** Data follows **

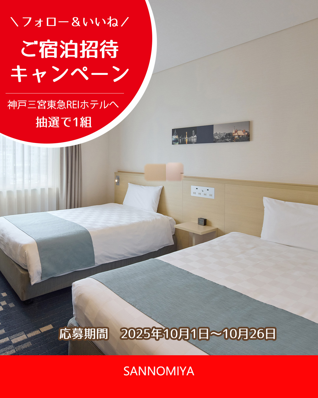賞品:神戸三宮東急REIホテル 宿泊ご招待(1組2名様)
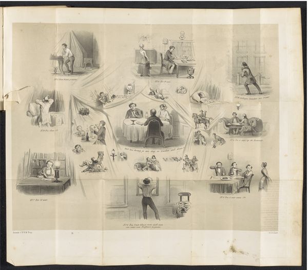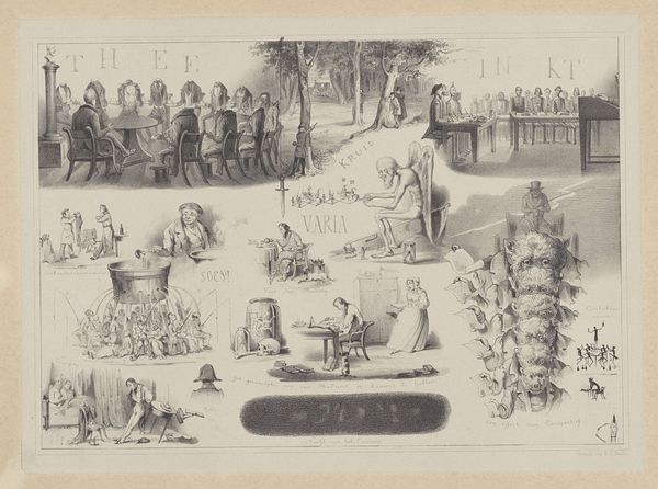 This 'Sheet from the Utrecht Student Almanac' was made in 1859, using the printmaking technique of lithography. The graphic quality owes a lot to the specific kind of stone used in lithography, which must be of a very particular geological type. The imagery is rendered on the flat surface of the stone, using greasy materials, and then chemically treated so that ink adheres only to those drawn areas. The matrix is then repeatedly inked and printed. Lithography allowed for a relatively quick and economic means of graphic reproduction, perfect for widespread dissemination. Here, the scenes of student life are rendered with a sharp eye for detail and social commentary. From the lecture hall to the late-night revelry, these images collectively paint a vivid picture of the student experience, and provide a fascinating lens through which to view the rituals of the social class at that time. By considering materials, techniques, and historical context, we can fully appreciate the significance of what may initially appear to be a simple print.
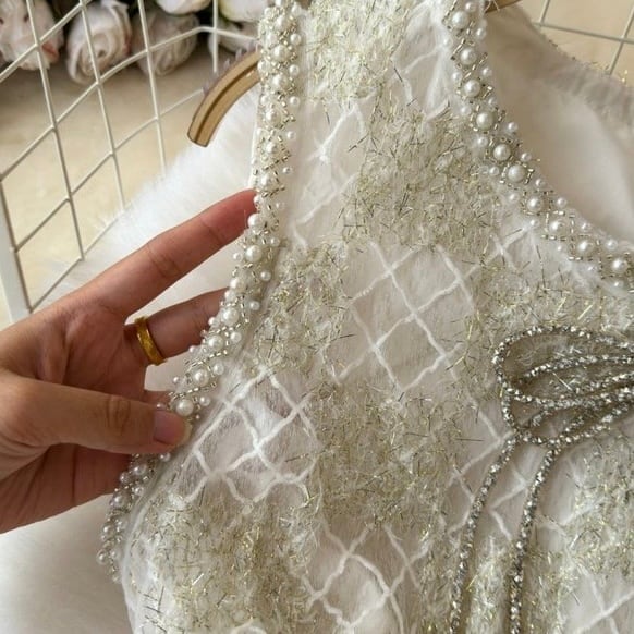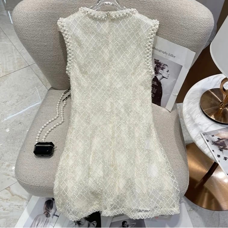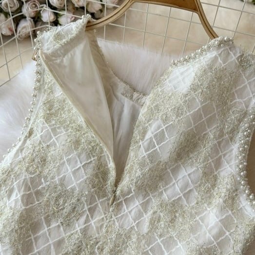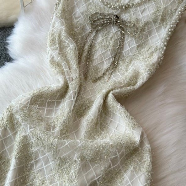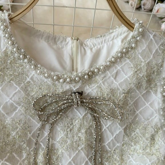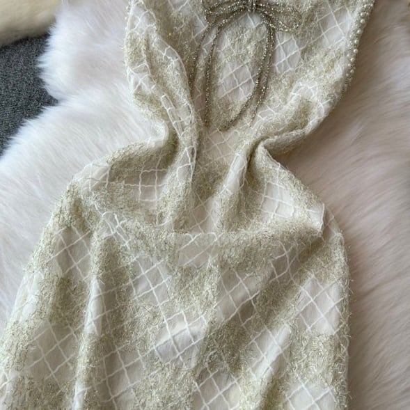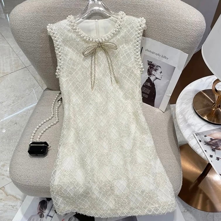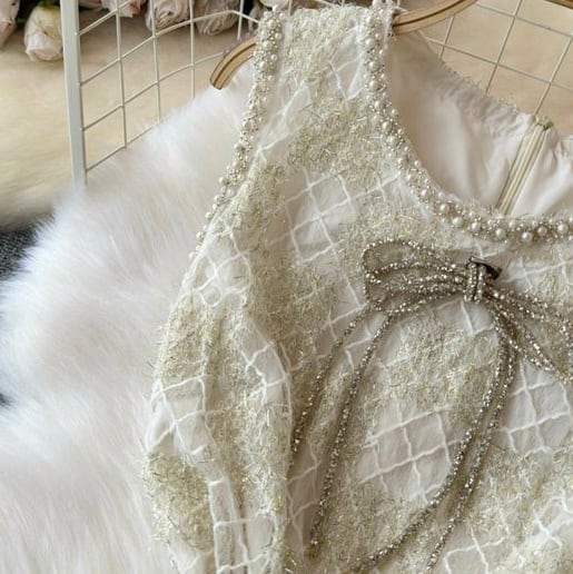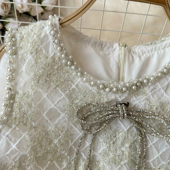 【dress】S〜2XLパールリボン付きノースリーブワンピース YM10253
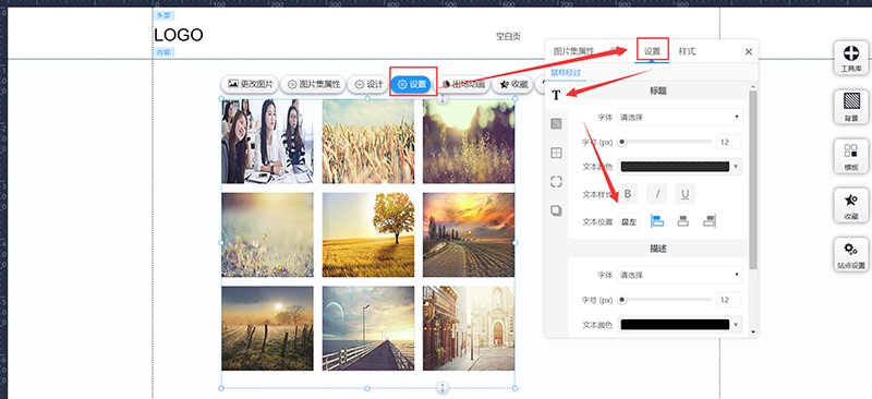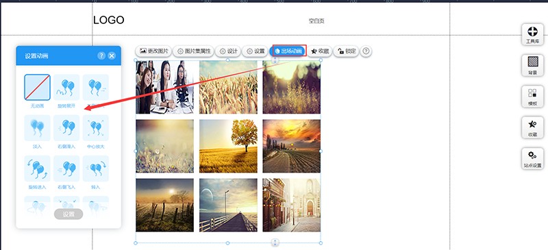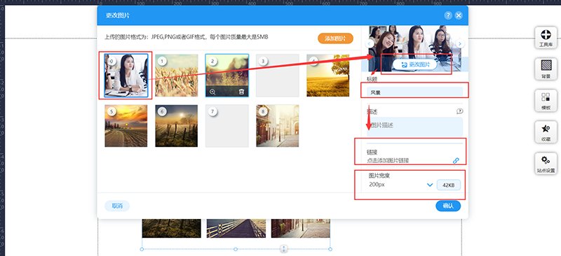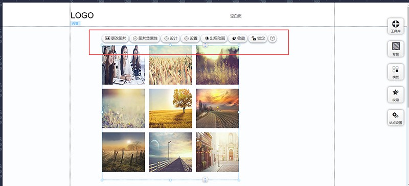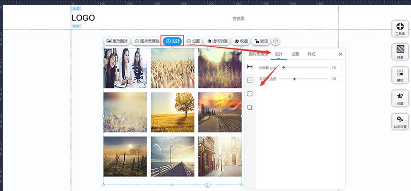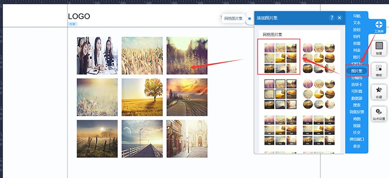 进入网站编辑,找到右上角“工具库”,左键点击“图片集”并拖拽到页面中。其中“图片集”有很多样式,可以根据需要选择自己喜欢的。
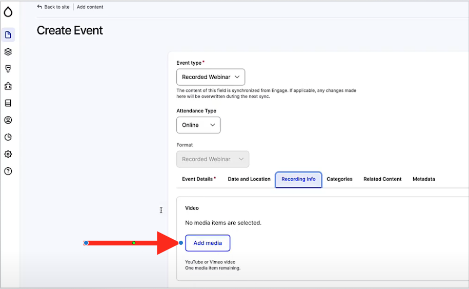 *If you are in the Website Centralization Program or already use Ecropolis, consider creating a ticket for your recorded event with Ecropolis. Be sure to include the relevant information, such as if it was or was not a previous live event (if yes, include the event name and live event URL) and a link to the video recording.
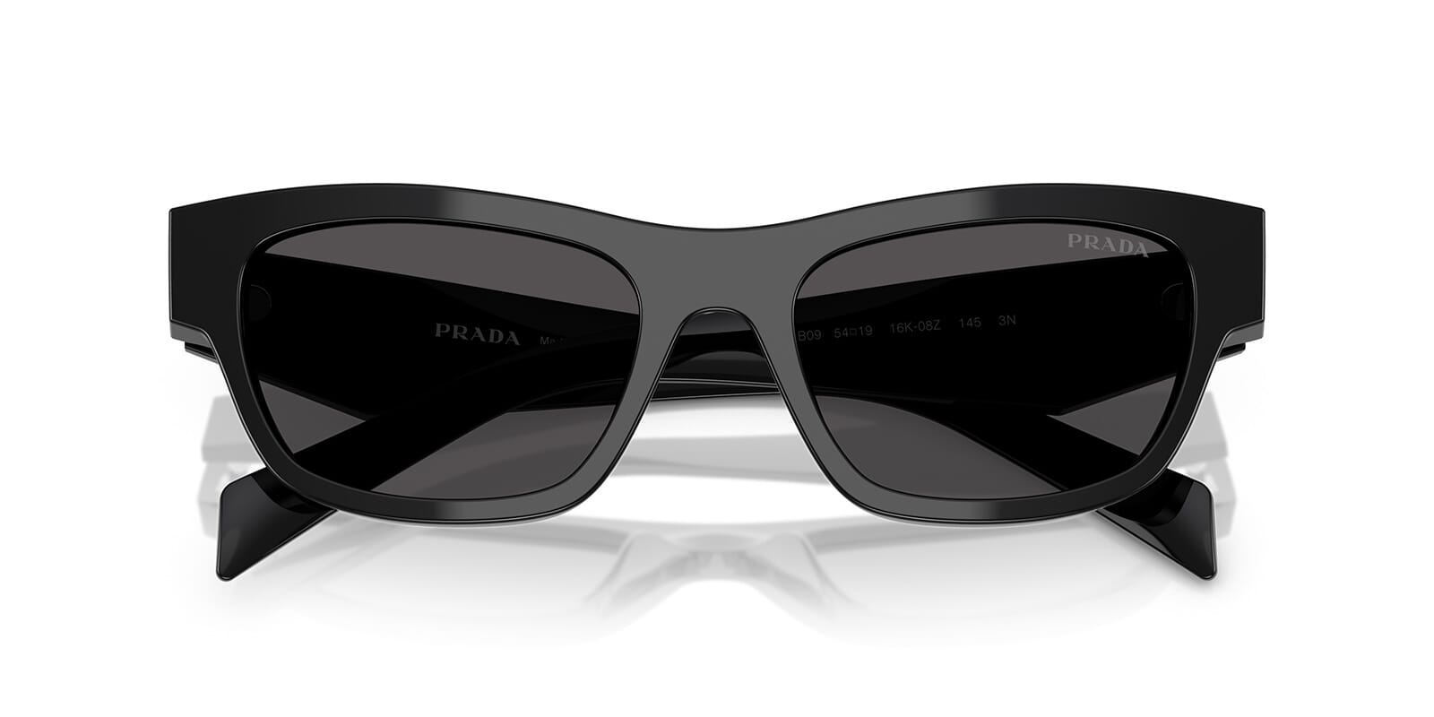 This butterfly Prada sunglass comes in a black frame with dark grey lenses.
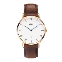 丹尼尔惠灵顿(Daniel Wellington)手表DW男表38mm金色边皮带超薄男士石英手表带日历1100DW(DW00100083)
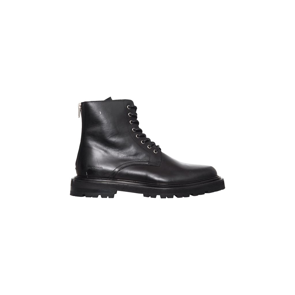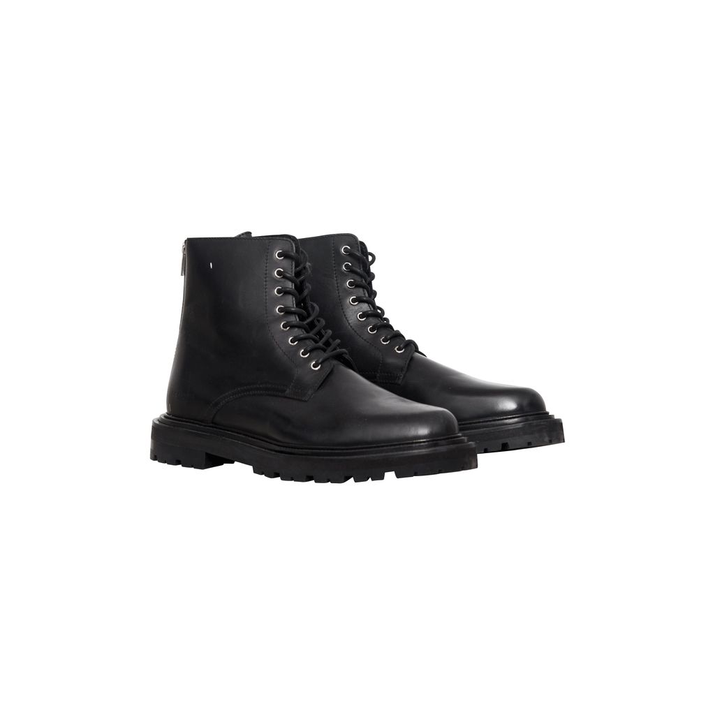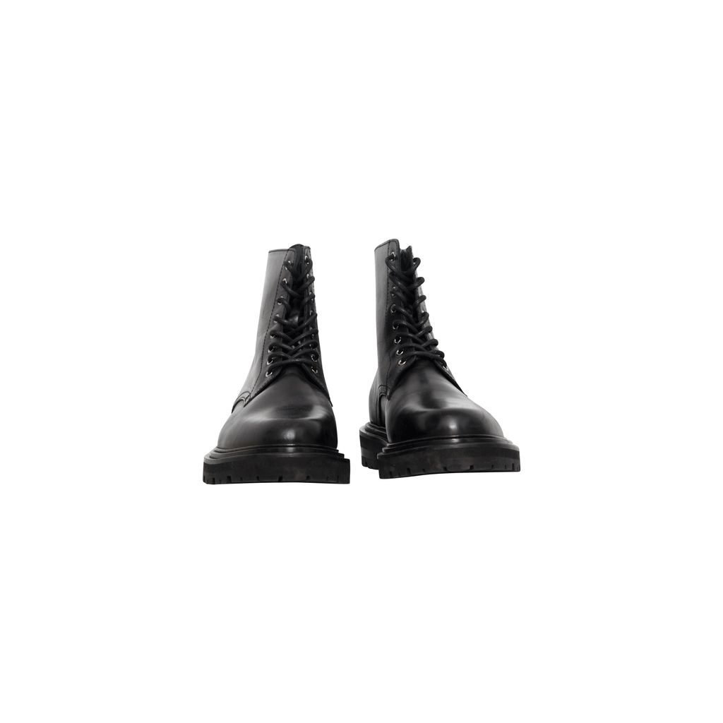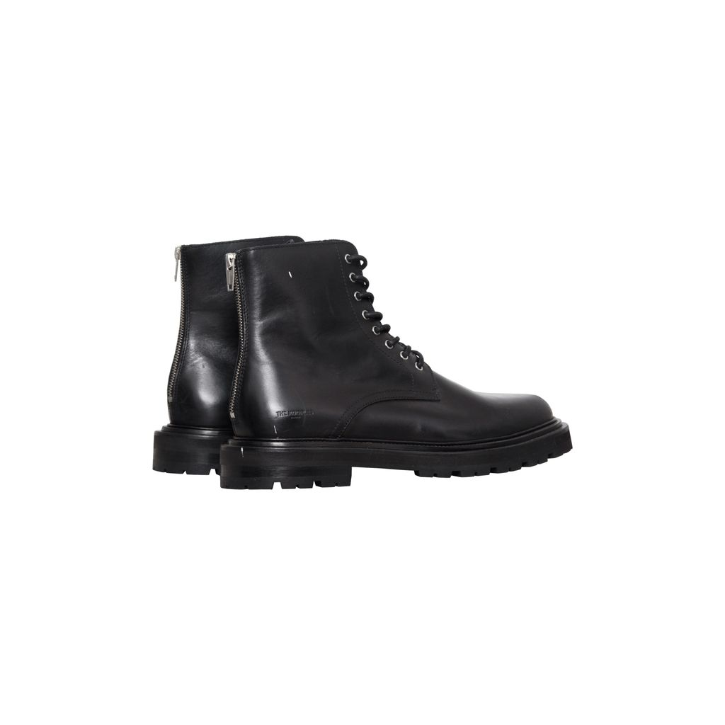 The Kooples Black Work Boot features 16 eyelet lace up and back zip closure
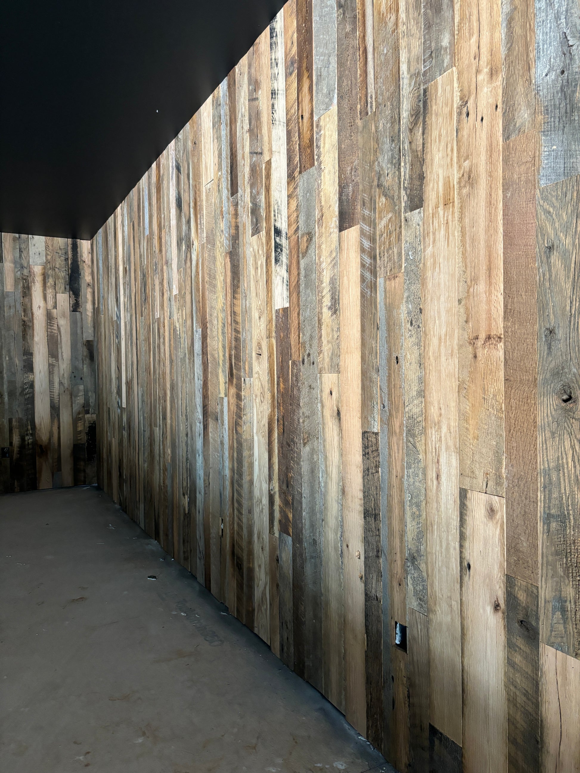 All 1/2" thick reclaimed wood material is a hardwood mixture that is reclaimed from 100+ year-old mills, warehouses, factories, barns, and thoroughbred farms or racetracks. This material is a mixture of 18"-12' cuts for easy installation.
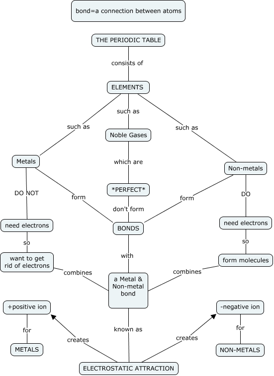 This Concept Map, created with IHMC CmapTools, has information related to: Periodic Table C-map, want to get rid of electrons combines a Metal & Non-metal bond, a Metal & Non-metal bond known as ELECTROSTATIC ATTRACTION, Metals form BONDS, Noble Gases which are *PERFECT*, THE PERIODIC TABLE consists of ELEMENTS, form molecules combines a Metal & Non-metal bond, Non-metals form BONDS, ELECTROSTATIC ATTRACTION creates -negative ion, +positive ion for METALS, ELECTROSTATIC ATTRACTION creates +positive ion, BONDS with a Metal & Non-metal bond, Metals DO NOT need electrons, need electrons so form molecules, need electrons so want to get rid of electrons, Non-metals DO need electrons, -negative ion for NON-METALS, ELEMENTS such as Non-metals, ELEMENTS such as Metals, *PERFECT* don't form BONDS, ELEMENTS such as Noble Gases
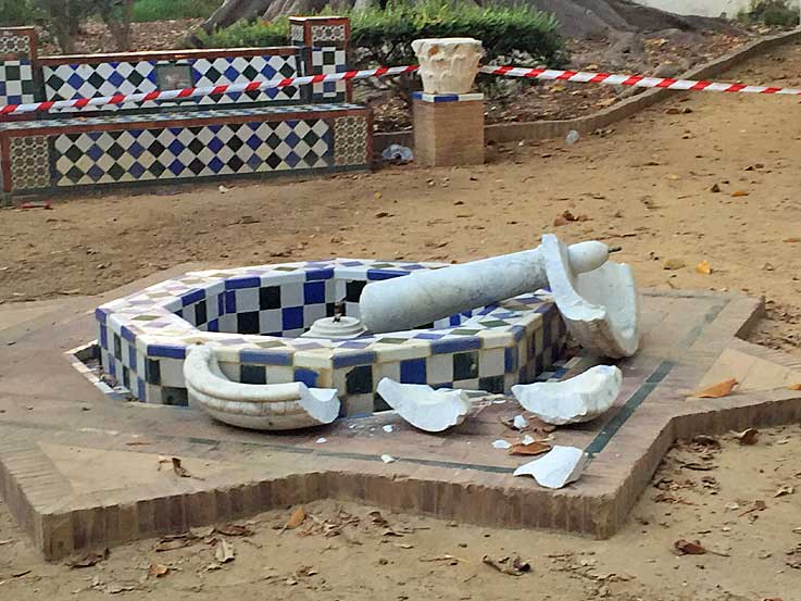 Cuando me venía de vuelta de hacer estas triste fotos pensaba , por lo menos han destrozado una fuente, podría ser peor, podrían haber destrozado a una persona con total impunidad , con total falta de vigilancia sobre la zona como ya ocurrió en su día cerca de este lugar EL CRIMEN DE LA MOVIDA .- En Sevilla al día de hoy los parque publicos son peligrosos, los frecuentan este tipo de alimañas, y aunque me repita no hay control ni vigilancia alguna, pues esto ha nadie le importa, ni le preocupa, ni da votos, (solo nos acordamos de ellos, cuando ruedan alguna pelicula o serie como Juego de Tronos, de los que estos jardines fueron escenarios ) . No se confien, lleve cuidado .- |

** End of Data **

Exercise brief: Print nothing but the lines above starting with the line that contains "the video recording." and going on through the line that contains "The Kooples Black". Leave out the pictures.

Answer box:
 *If you are in the Website Centralization Program or already use Ecropolis, consider creating a ticket for your recorded event with Ecropolis. Be sure to include the relevant information, such as if it was or was not a previous live event (if yes, include the event name and live event URL) and a link to the video recording.
 This butterfly Prada sunglass comes in a black frame with dark grey lenses.
 丹尼尔惠灵顿(Daniel Wellington)手表DW男表38mm金色边皮带超薄男士石英手表带日历1100DW(DW00100083)
 The Kooples Black Work Boot features 16 eyelet lace up and back zip closure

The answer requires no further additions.